------ SUPPLIED MATERIAL ------
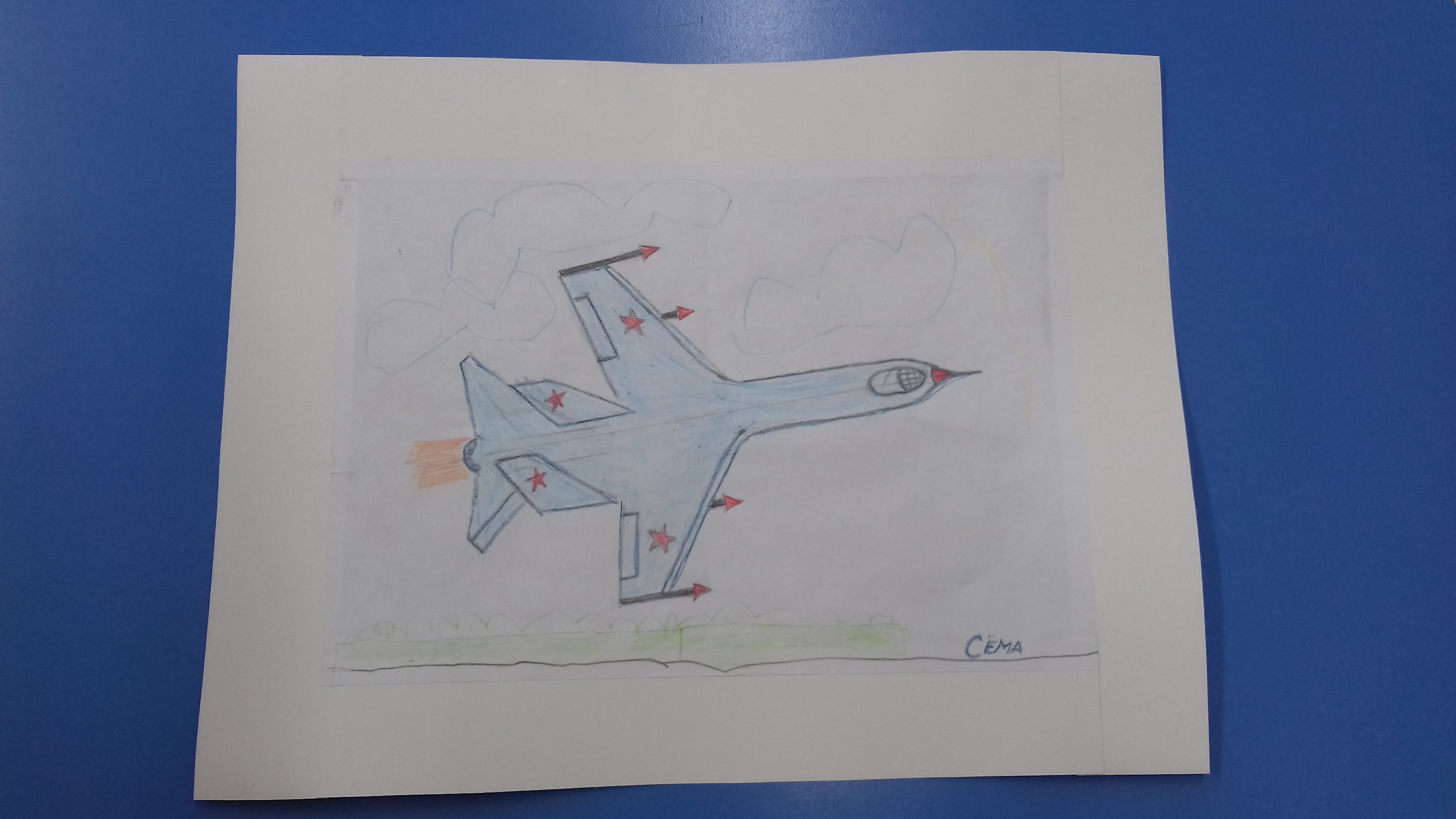 Работа выполнена цветными карандашами. Модель военного самолета ВВС России.
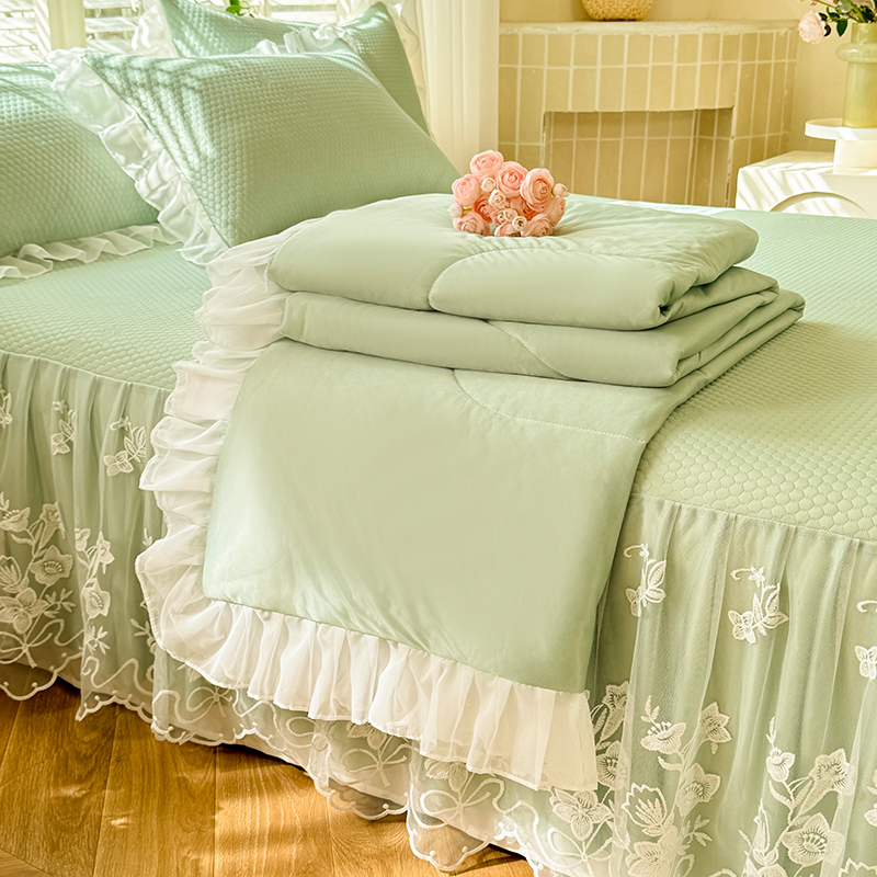 (总)后庭寝室 2026新款冰感豆豆床裙凉席夏被空调被四件套-花语系列,花语-嫩玉,花语-粉色,花语-米色,花语-嫩黄,花语-浅灰,花语-浅蓝,花语-浅紫,花语-水绿
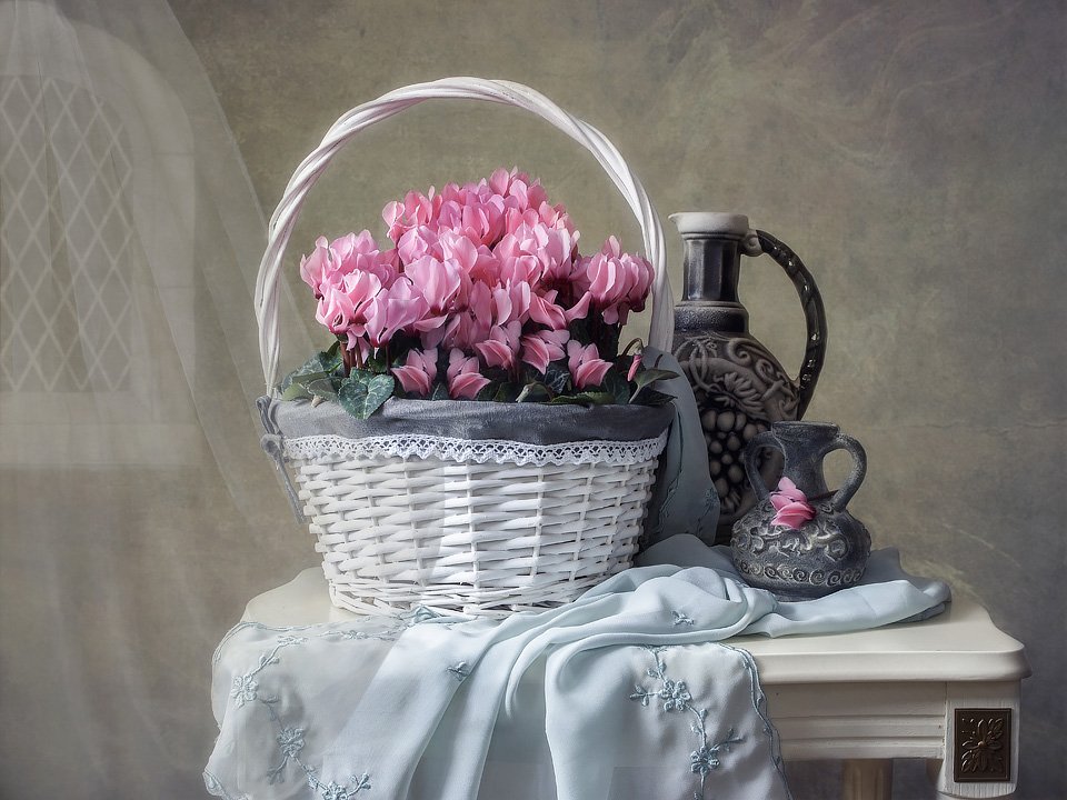 натюрморт, цикламены, корзина, кувшины, Ирина Приходько
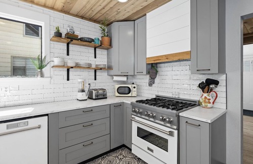 The kitchen is fully stocked and features a gas ZLINE stove and a CHILL brand icebox refrigerator. The laundry room is tucked behind the kitchen. There is a mud room just before heading through the back door to drop all the extra equipment that come with traveling.
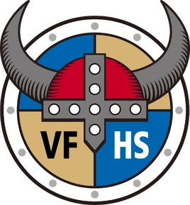 - Their logo consists of a Horned helmet on a round shield with a yellow and blue checkers backdrop with VF on the lower left part and HS on the lower right part (VF stands for Viking Fisheries and HS for High School).
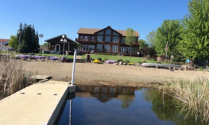 This gorgeous, amazing 10 bedroom home is located in southern Minnesota, near Mankato, one hour from the US bank Stadium, Mall of America and the MSP Airport. It has 150 feet of sandy beach on crystal clear spring fed Lake Francis, a 900 acre, fantastic fishing lake! A 24 foot Crest pontoon with 110 hsp motor is available to rent for $1199.00 per week. Enjoy catching Walleye, Sunfish, Crappie, Bass and Northern. Fishing polls are provided. The Lake is also a great recreational lake! Enjoy swimming, boating, floating (provided), tubing(provided) and more. This mansion has 8 bedrooms in the house a murphy bed in the exercise room (a legal bedroom), and one more in the cabana or guest house sleeping 21 In jthe summer. After September the guest house is winterized and not available. In the winter It sleeps 18. The home has a total of 7 bathrooms. The fireplace is hand made and is the focal point of the great room. It reaches 36 feet tall to the top of the beamed cathedral ceilings. The other side of the great room boasts a wall of windows facing beautiful Lake Francis. Spectacular views can be seen from them! This room has a 32 inch flat screen TV with surround sound. Also a closet full of board games. One of the porches holds a full size shuffle board game. The man cave has a flat screen curve TV for your viewing pleasure and a large U shaped couch. The downstairs master bedroom has a queen hand carved bear bed with it's own private half bath and a 42 inch flat screen TV. Across the hall is a very large master bath with double sinks and a triangular corner tub. The dining room contains a beautiful oak pool table and a touch screen game. The very large modern kitchen has stainless steel appliances including a double oven, microwave, refrigerator, dish washer, and built in stove. Available in the pantry are many small appliances including a mixer, air fryer, crock pots, George Foreman, blender, air popper, Pizza Pizzazz, Mr Coffee, deep fryer, ice cream maker and more. The center of the kitchen is a large granite island with 10 bar stools surrounding it. The main floor laundry is complete with washer, dyer, iron, and iron board. There is an extra full size refrigerator and freezer in the hall way leading to the basement. The beautiful finished basement holds a variety of surprises. The granite bar seats 8. It has a sink, refrigerator, 52 inch flat screen TV, and microwave. The room has air hockey and foosball. In the hall way sits a variety of kids things such as a high chair, swings, jumpers, walker, booster seat, strollers, and riding toys. The basement play room has so many toys they can't all be listed. There is a stage for the band instruments, a stage for modeling the wide selection of stylish dresses and jewelry, Tommy the Train, a Lego block table, a fully equipped desk, and a play house with shopping area, work bench, equipped kitchen, and a loft with slide. The next room in the basement is a special treat for the children. Its a ball room with tunnels, jumping trampolines, basketball hoop and many many brightly colored balls. The next room in the basement is for the adults. It's a complete exercise workout room. It includes a treadmill, work out bench, crunch chair, elliptical, and free weights. This room also has a queen size murphy bed and doubles as another legal bedroom. The basement also has one of the 7 bathrooms. Going up the open wood staircase to the upper level the first room you reach is the master bedroom with a king size Cleopatra style bed. The balcony has spectacular views of the yard and Lake Francis. The attaching full master bath has double sinks, a makeup settee and a large Jacuzzi tub. Down the hall from there is the blue room which has a wood carved king bed with an attaching full bath and it's own balcony. Just further down the hall way is a another up north themed king bedroom with another breath taking view of Lake Francis off it's balcony and an attaching full bathroom. Next to that bedroom is a smaller bedroom with a queen bed. A whole new world is at the end of the hall in the west wing. A second living room or great room with three bedrooms adjoining it. One is a king with bunk beds.. The second is a queen . The third is a king bed. The cabana or guest house is a full cabin with a kitchen, full bath, and bedroom with a double bottom bunk and a top single bunk. The yard is a wonderful game place. Available games are Bean Bags(Corn Hole), Polish Golf, Hammer Schlogan, Crockett, Boccie Ball and Ring Toss. Near by snowmobile trails make this a winter haven. Ice fishing is fantastic on Lake Francis! There are many winter activities around the area such as Ice fishing, snowmobiling, ice skating, cross country skiing and sledding. Down hill skiing is 20 miles away at Mount Kato. During the summer the lake offers fishing, skiing, tubing, boating, swimming and much more. The state bicycle trail goes right through town and two adult bikes and four children's are furnished. There is a canoe and 2 kayaks available for use. Remember to wear your life jackets. A playground owned by the lake association is next door. Relax on one of the 4 decks. Grill on the gas or charcoal smoker grill. Fry up your fresh fish in the outdoor or indoor deep fryers. Have a campfire and roast some marshmallows at the fire pit. Wood is provided. Relax in the screen porch and enjoy the propane fire pit. The small town of Elysian is one mile away. It boast of 5 bars and 3 restaurants. There are two gas stations with mini marts also in town. There is a 8-12 person 24 foot Crest pontoon with a 90 horse Evinrude available for an additional $850. It includes a full tank of gas, life jackets, and lake floaties.
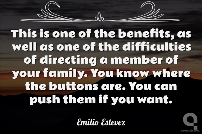 This is one of the benefits, as well as one of the difficulties of directing a member of your family. You know where the buttons are. You can push them if you want.
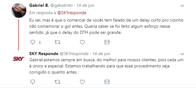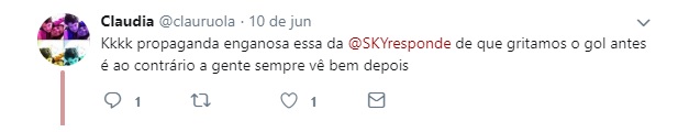 O perfil @gabsbrito perguntou para a SKY, no Twitter, se houve algum esforço no sentido de reduzir o delay, já que o comercial diz que quem tem SKY comemora o gol antes.
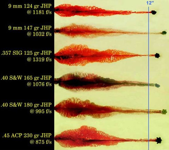 ▲各种手枪弹穿过“人体”形成的空腔
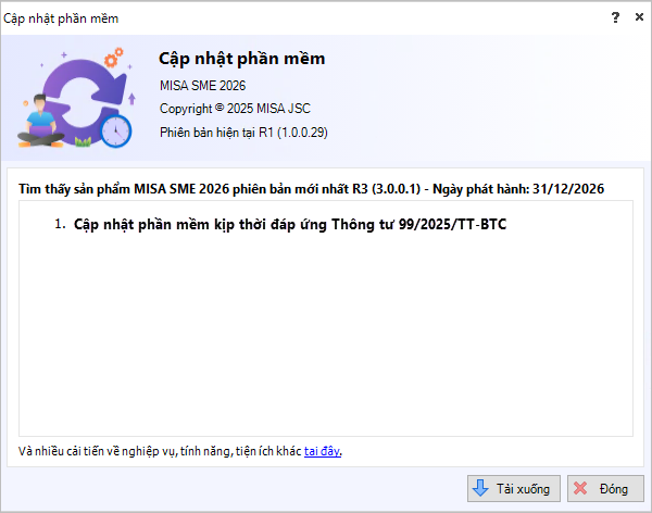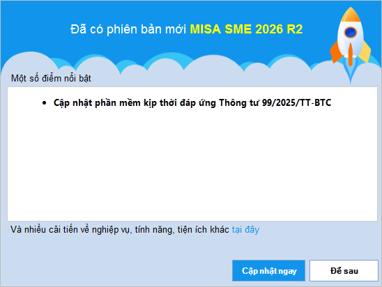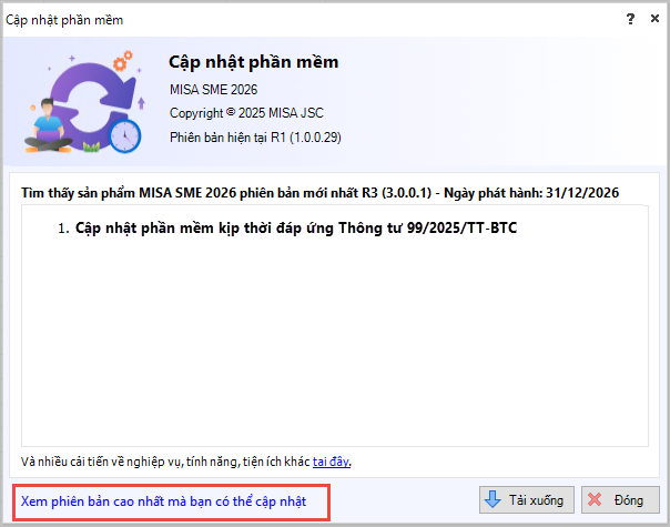 Bước 3: Sau khi kiểm tra, chương trình hiển thị thông tin về phiên bản mới nhất của phần mềm MISA SME.
------
**TASK TO COMPLETE**
Reproduce every entry word for word, but omit the pictures.

**SOLVED PROBLEM**
 Работа выполнена цветными карандашами. Модель военного самолета ВВС России.
 (总)后庭寝室 2026新款冰感豆豆床裙凉席夏被空调被四件套-花语系列,花语-嫩玉,花语-粉色,花语-米色,花语-嫩黄,花语-浅灰,花语-浅蓝,花语-浅紫,花语-水绿
 натюрморт, цикламены, корзина, кувшины, Ирина Приходько
 The kitchen is fully stocked and features a gas ZLINE stove and a CHILL brand icebox refrigerator. The laundry room is tucked behind the kitchen. There is a mud room just before heading through the back door to drop all the extra equipment that come with traveling.
 - Their logo consists of a Horned helmet on a round shield with a yellow and blue checkers backdrop with VF on the lower left part and HS on the lower right part (VF stands for Viking Fisheries and HS for High School).
 This gorgeous, amazing 10 bedroom home is located in southern Minnesota, near Mankato, one hour from the US bank Stadium, Mall of America and the MSP Airport. It has 150 feet of sandy beach on crystal clear spring fed Lake Francis, a 900 acre, fantastic fishing lake! A 24 foot Crest pontoon with 110 hsp motor is available to rent for $1199.00 per week. Enjoy catching Walleye, Sunfish, Crappie, Bass and Northern. Fishing polls are provided. The Lake is also a great recreational lake! Enjoy swimming, boating, floating (provided), tubing(provided) and more. This mansion has 8 bedrooms in the house a murphy bed in the exercise room (a legal bedroom), and one more in the cabana or guest house sleeping 21 In jthe summer. After September the guest house is winterized and not available. In the winter It sleeps 18. The home has a total of 7 bathrooms. The fireplace is hand made and is the focal point of the great room. It reaches 36 feet tall to the top of the beamed cathedral ceilings. The other side of the great room boasts a wall of windows facing beautiful Lake Francis. Spectacular views can be seen from them! This room has a 32 inch flat screen TV with surround sound. Also a closet full of board games. One of the porches holds a full size shuffle board game. The man cave has a flat screen curve TV for your viewing pleasure and a large U shaped couch. The downstairs master bedroom has a queen hand carved bear bed with it's own private half bath and a 42 inch flat screen TV. Across the hall is a very large master bath with double sinks and a triangular corner tub. The dining room contains a beautiful oak pool table and a touch screen game. The very large modern kitchen has stainless steel appliances including a double oven, microwave, refrigerator, dish washer, and built in stove. Available in the pantry are many small appliances including a mixer, air fryer, crock pots, George Foreman, blender, air popper, Pizza Pizzazz, Mr Coffee, deep fryer, ice cream maker and more. The center of the kitchen is a large granite island with 10 bar stools surrounding it. The main floor laundry is complete with washer, dyer, iron, and iron board. There is an extra full size refrigerator and freezer in the hall way leading to the basement. The beautiful finished basement holds a variety of surprises. The granite bar seats 8. It has a sink, refrigerator, 52 inch flat screen TV, and microwave. The room has air hockey and foosball. In the hall way sits a variety of kids things such as a high chair, swings, jumpers, walker, booster seat, strollers, and riding toys. The basement play room has so many toys they can't all be listed. There is a stage for the band instruments, a stage for modeling the wide selection of stylish dresses and jewelry, Tommy the Train, a Lego block table, a fully equipped desk, and a play house with shopping area, work bench, equipped kitchen, and a loft with slide. The next room in the basement is a special treat for the children. Its a ball room with tunnels, jumping trampolines, basketball hoop and many many brightly colored balls. The next room in the basement is for the adults. It's a complete exercise workout room. It includes a treadmill, work out bench, crunch chair, elliptical, and free weights. This room also has a queen size murphy bed and doubles as another legal bedroom. The basement also has one of the 7 bathrooms. Going up the open wood staircase to the upper level the first room you reach is the master bedroom with a king size Cleopatra style bed. The balcony has spectacular views of the yard and Lake Francis. The attaching full master bath has double sinks, a makeup settee and a large Jacuzzi tub. Down the hall from there is the blue room which has a wood carved king bed with an attaching full bath and it's own balcony. Just further down the hall way is a another up north themed king bedroom with another breath taking view of Lake Francis off it's balcony and an attaching full bathroom. Next to that bedroom is a smaller bedroom with a queen bed. A whole new world is at the end of the hall in the west wing. A second living room or great room with three bedrooms adjoining it. One is a king with bunk beds.. The second is a queen . The third is a king bed. The cabana or guest house is a full cabin with a kitchen, full bath, and bedroom with a double bottom bunk and a top single bunk. The yard is a wonderful game place. Available games are Bean Bags(Corn Hole), Polish Golf, Hammer Schlogan, Crockett, Boccie Ball and Ring Toss. Near by snowmobile trails make this a winter haven. Ice fishing is fantastic on Lake Francis! There are many winter activities around the area such as Ice fishing, snowmobiling, ice skating, cross country skiing and sledding. Down hill skiing is 20 miles away at Mount Kato. During the summer the lake offers fishing, skiing, tubing, boating, swimming and much more. The state bicycle trail goes right through town and two adult bikes and four children's are furnished. There is a canoe and 2 kayaks available for use. Remember to wear your life jackets. A playground owned by the lake association is next door. Relax on one of the 4 decks. Grill on the gas or charcoal smoker grill. Fry up your fresh fish in the outdoor or indoor deep fryers. Have a campfire and roast some marshmallows at the fire pit. Wood is provided. Relax in the screen porch and enjoy the propane fire pit. The small town of Elysian is one mile away. It boast of 5 bars and 3 restaurants. There are two gas stations with mini marts also in town. There is a 8-12 person 24 foot Crest pontoon with a 90 horse Evinrude available for an additional $850. It includes a full tank of gas, life jackets, and lake floaties.
 This is one of the benefits, as well as one of the difficulties of directing a member of your family. You know where the buttons are. You can push them if you want.
 O perfil @gabsbrito perguntou para a SKY, no Twitter, se houve algum esforço no sentido de reduzir o delay, já que o comercial diz que quem tem SKY comemora o gol antes.
 ▲各种手枪弹穿过“人体”形成的空腔
 Bước 3: Sau khi kiểm tra, chương trình hiển thị thông tin về phiên bản mới nhất của phần mềm MISA SME.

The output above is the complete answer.